Elizabeth & The Catapult Offer Love Letter to Shared Humanity on ‘sincerely, e’
There is something deeply moving about the joy and hope that can arise out of pain. While live music has all but disappeared over the last 12 months, recorded music has blossomed. Bands kept writing new music, kept finding unique ways to perform for their fans, and kept releasing albums.
It’s been a year since the first case of COVID-19 was confirmed in New York City, and Brooklyn’s Elizabeth & The Catapult are marking this grim reality with their own embodiment of hope and joy, their new record, sincerely, e. This isn’t to say the album is chock full of rainbows, but rather it brings forth semblances of goodness through confronting the emotional and tangible stress and confusion every human being faces.
“This project was conceived of and recorded in my living room as a way to try and reach beyond the new bubble of my home to connect with others,” singer and songwriter Elizabeth Ziman wrote in a note to her fans when sincerely, e was announced. The new LP is her “love letter” to those who can’t ignore all that humanity continues to face, and who need an “escape into the depths of our shared humanity,” she wrote.

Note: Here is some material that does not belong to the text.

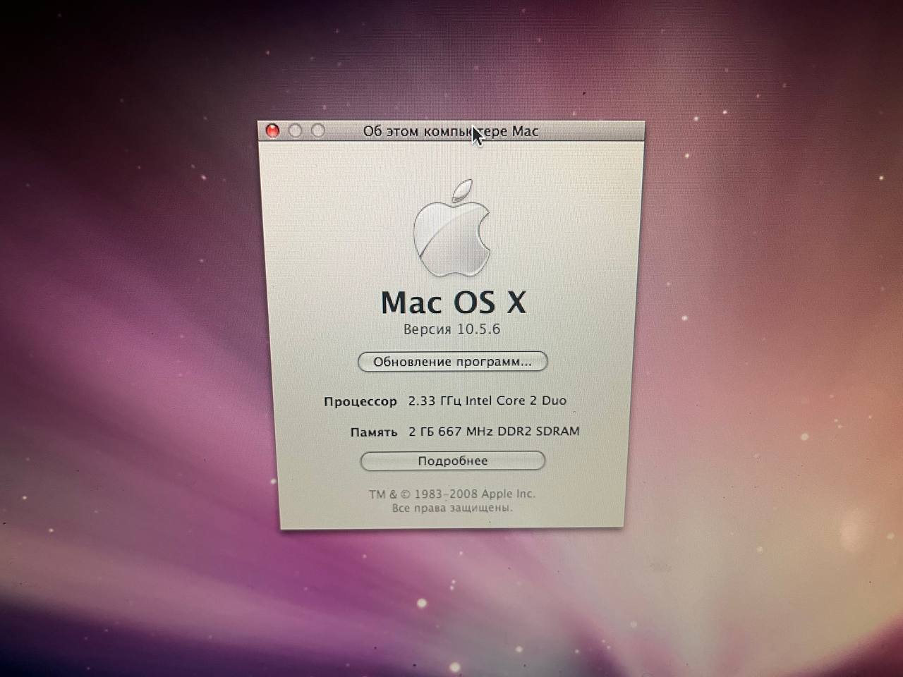 Внутри представленного экземпляра: Core 2 Duo T8100 3 Гбайт ОЗУ 120 Гбайт жесткий диск Экран 13" 1280х800

It’s that escape — a pursuit of a shared humanity — that begins to point listeners toward something better. This is a journey that Ziman embarks on immediately with opening track, “pop the placebo,” a tune with the piercing lyricism of Lou Reed and the musicianship of, well, Lou Reed; it could be as at home on his New York LP as it is on sincerely, e. “I met a surgeon, said he’d rather work on patients who believe they will survive / Grateful for all they’ve got / And just the same, the perfect medicine won’t save you,” she sings, diving into stories of friends doing anything they can to find glimpses of happiness.
That and the remaining 11 tracks constitute an album that needs to be heard in its entirety. In the second song, “birds and the bees,” she sings of the struggles in California: “Lately an old man smoking on my doorstep / When I leave my house for work most days / Says don’t judge me for smoking, honey, who am I hurting now / This air is gonna kill me anyway.”
That type of boldness in facing the very real suffering of the world is strewn throughout sincerely, e, cast in gorgeous arrangements and carried to heavenly realms with Ziman’s voice, one that hearkens the raw beauty of Rufus Wainwright, and one that doesn’t focus only on pandemics and wildfires. On “together, alone,” she performs surgery on society’s obsession with technology, singing, “Lying in bed, late in the evening / You’re never alone even when you are sleeping / My brain is connected to my hand is connected to my phone.”
Pursuing a shared humanity isn’t easy, but it points Ziman closer and closer to joy and happiness. This is perhaps most evident on the closing track, “love always wins,” as she shares a heartbreaking tale of love lost while clinging to fragments of the truth found in the song’s title: “I know you’re sorry / Let’s wait it out until / The night creeps in / Oh, once again, love always wins.”
If there’s one message that the world needs as we look back on the last year, there is nothing more powerful — and more challenging to embrace — than “love always wins.”